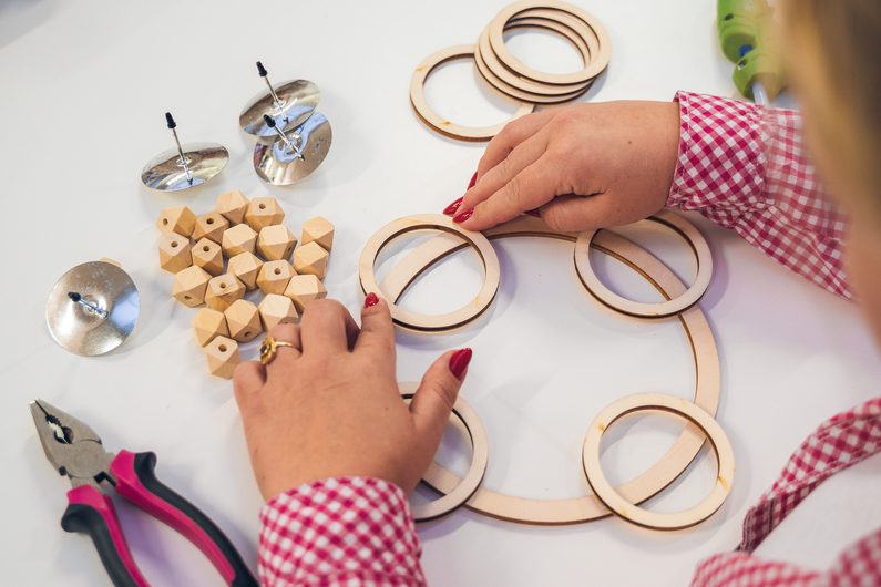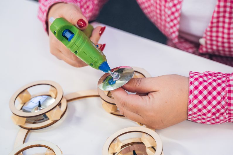 Na velký kruh rovnoměrně rozložíme malé kroužky a přilepíme je pomocí tavné pistole.
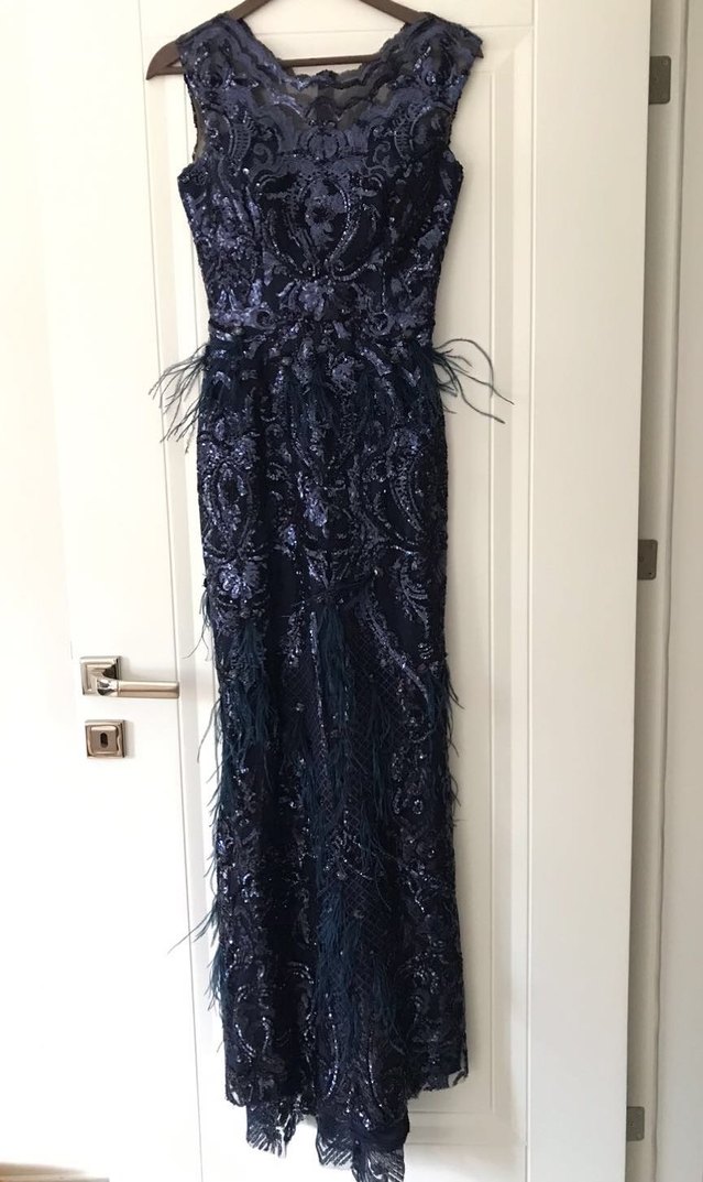 Lacivert Nakışlı Uzun Kadın Abiye Elbise
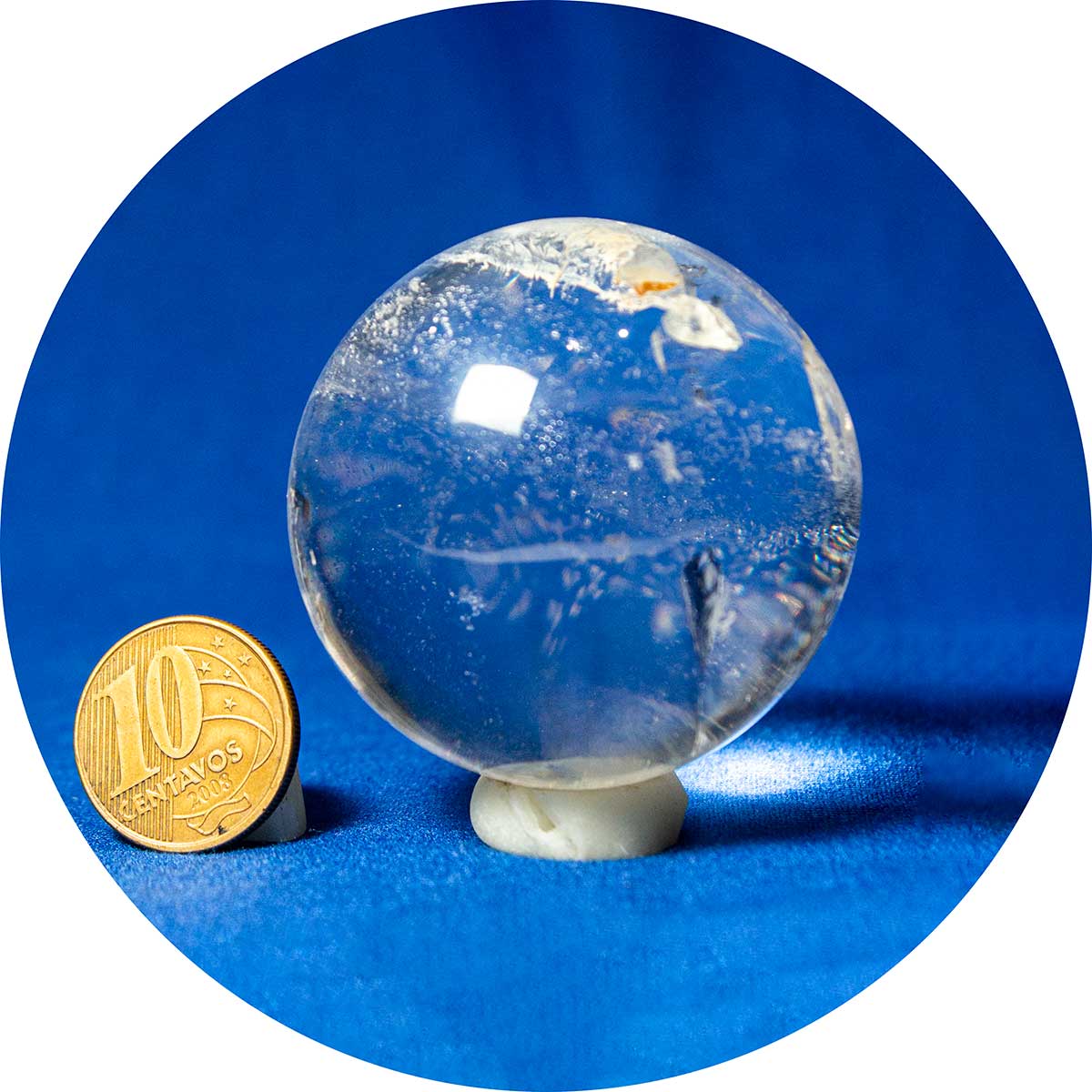 Transforme o ambiente com a magia do Quartzo Cristal. Uma pequena esfera que guarda o mistério e a beleza da natureza, refletindo luz e energia, perfeita para decoração ou práticas espirituais.
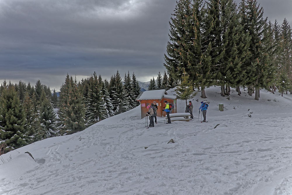 La route étant bien dégagée jusqu’au Mollaret, nous partons depuis ce petit hameau, raquettes aux pieds sur le saupoudrage de neige restant, sous un ciel bien chargé.
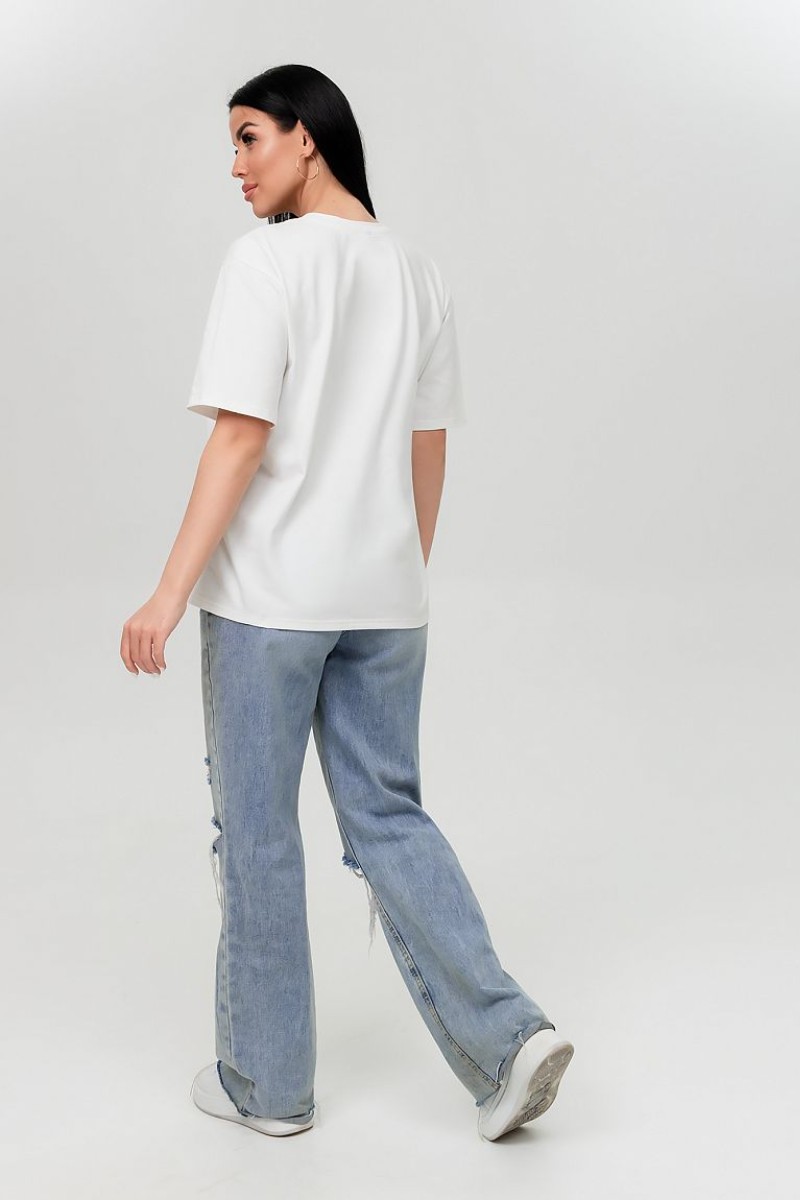 Представляем Вашему вниманию легкую женскую футболку объема оверсайз, длиной до середины бедра, плечо спущенное, рукав втачной до локтя. Горловина округлой формы с обтачкой. На середину переда нанесен дизайнерский принт. По низу настрочен жаккардовый шеврон. Горловина спинки с усилителем.
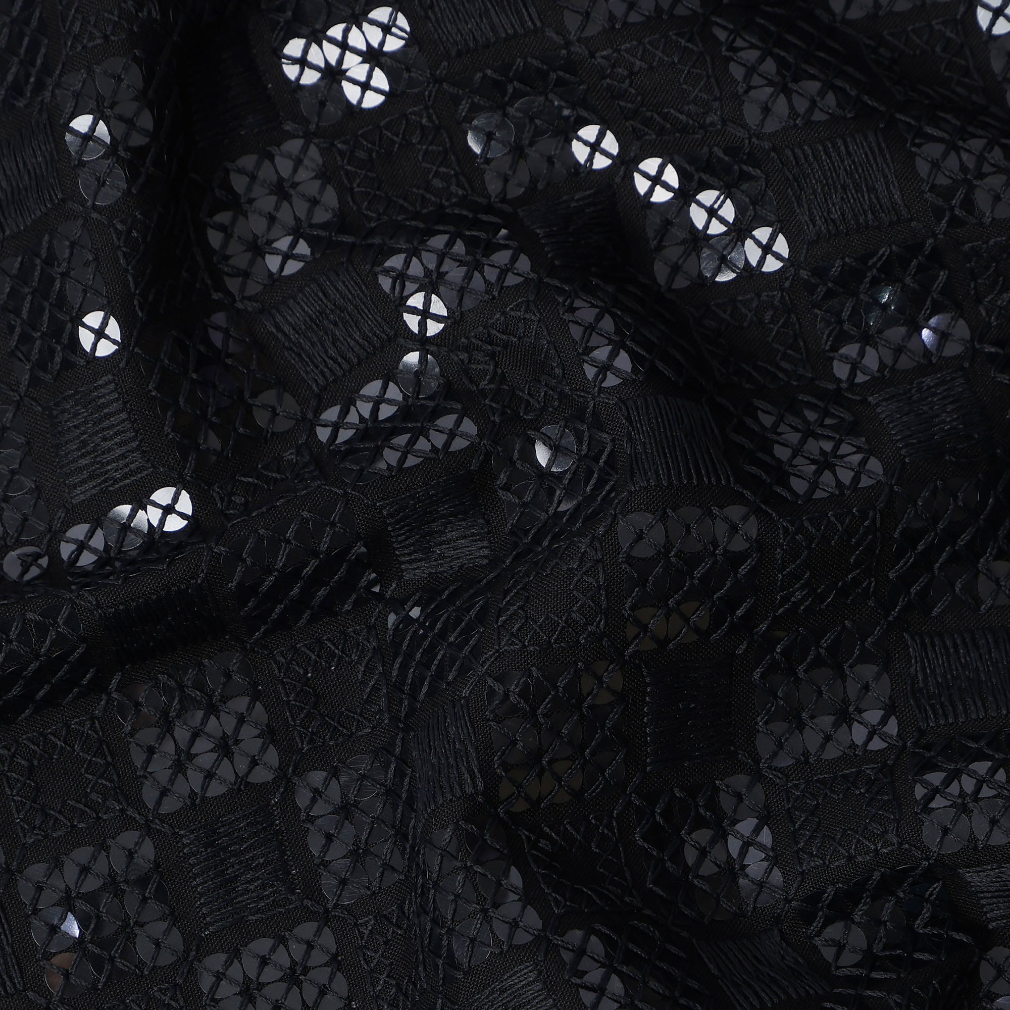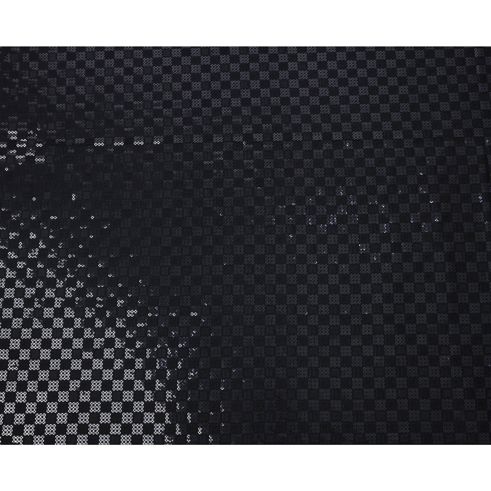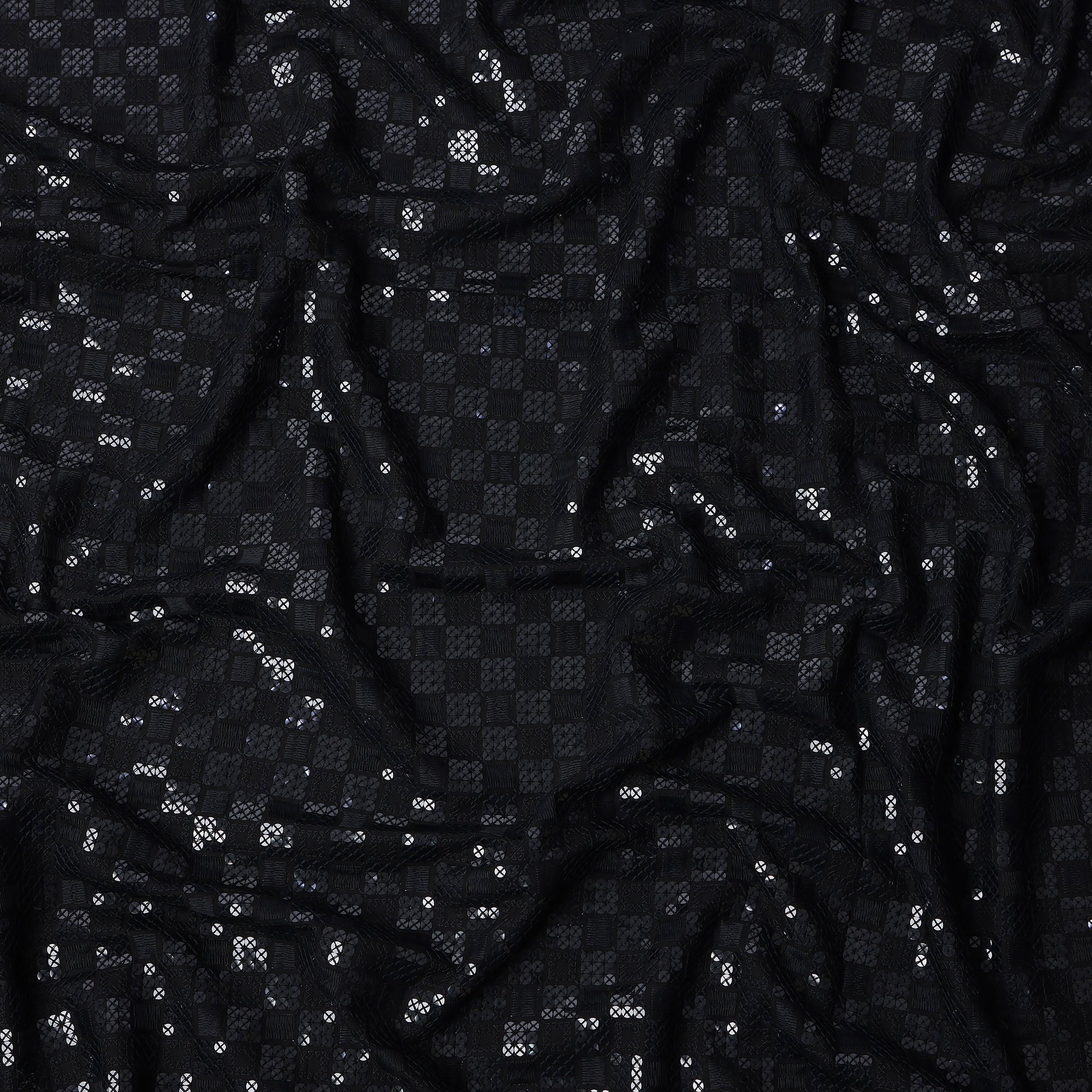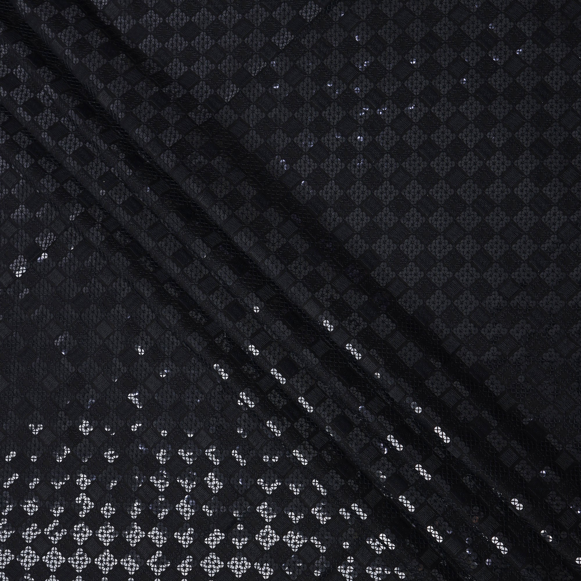 Black Sequin Checkered Self Design Synthetic Cotton Fabric, 140 Cms, India-D25393
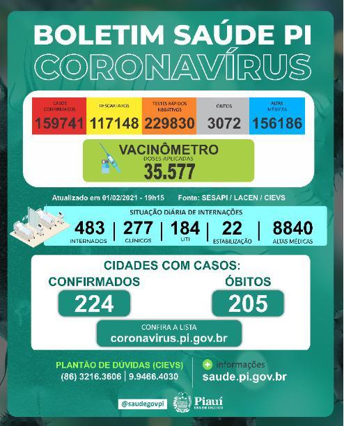 Os casos confirmados no estado somam 159.741 distribuídos em todos os municípios piauienses. Já os óbitos pelo novo coronavírus chegam a 3.072 e foram registrados em 205 municípios. Até agora, morreram 1.796 homens e 1.276 mulheres.
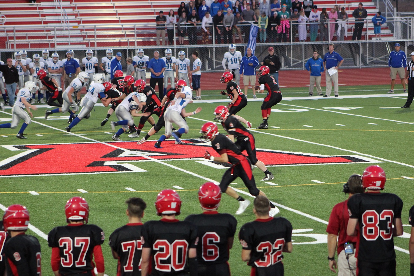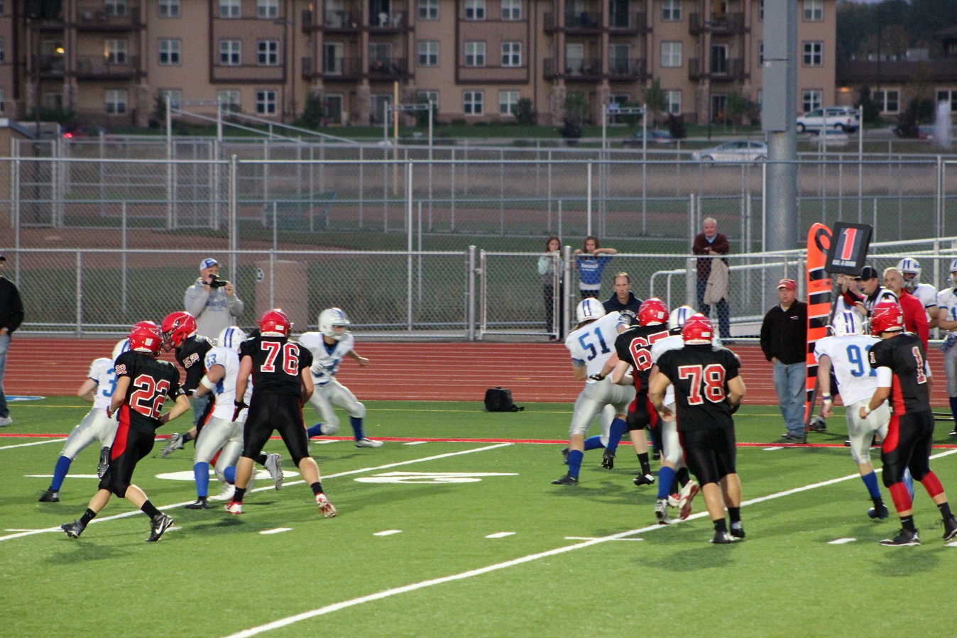 [The offense is every bit as exciting as advertised. These two young men, quarterback Jaran Roste (1) and halfback Micah Christenson (22), both juniors, put on a good show. Micah rushed for 180 yards and I believe 4 TD’s, and Jaran rushed for 130 yards and passed for 180 (18 – 24) – I think those are right? The sports photographer re-appeared in the background, a good sign for those of us who thought he may have been lost in the stampede.]
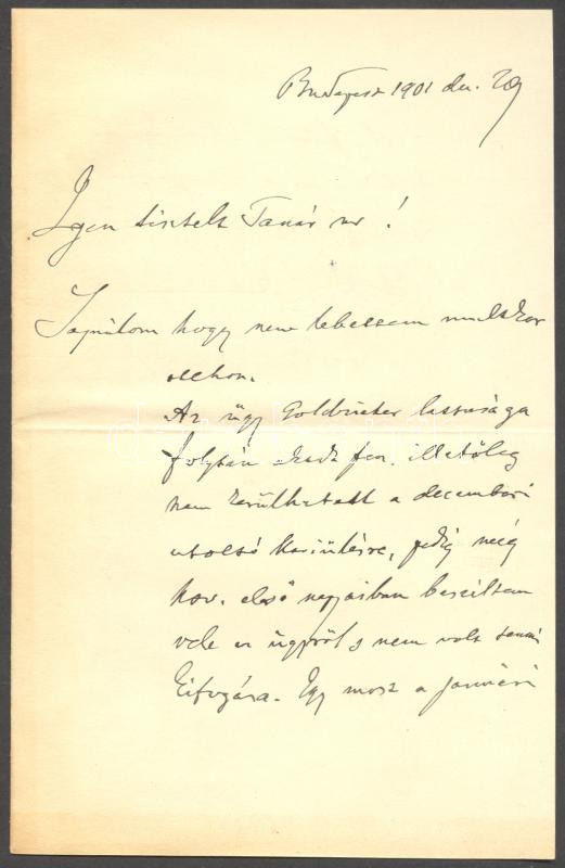 1901 Hatala Péter orientalista saját kézzel írt levele 2 beírt oldalon
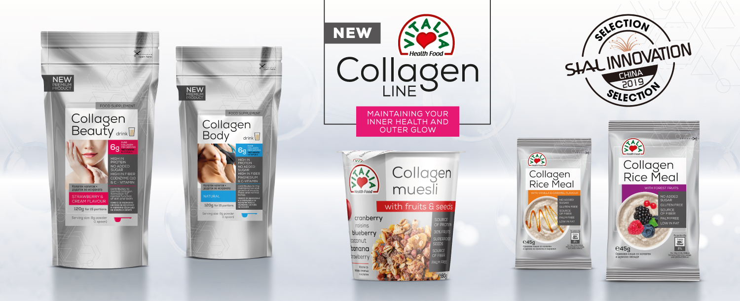 Помеѓу низата производи кои се дел од понудата на Виталиа, последната иновација во нивниот асортиман е колагенската линија што содржи разновиден склоп на продукти кои се збогатени со колаген.

▶ **WORK ORDER**
Repeat, exactly and in full, each line from the start of the data to the line that contains "Lacivert Nakışlı Uzun Kadın Abiye Elbise". Pictures do not go in.

▶ **YOUR SOLUTION**
 Na velký kruh rovnoměrně rozložíme malé kroužky a přilepíme je pomocí tavné pistole.
 Lacivert Nakışlı Uzun Kadın Abiye Elbise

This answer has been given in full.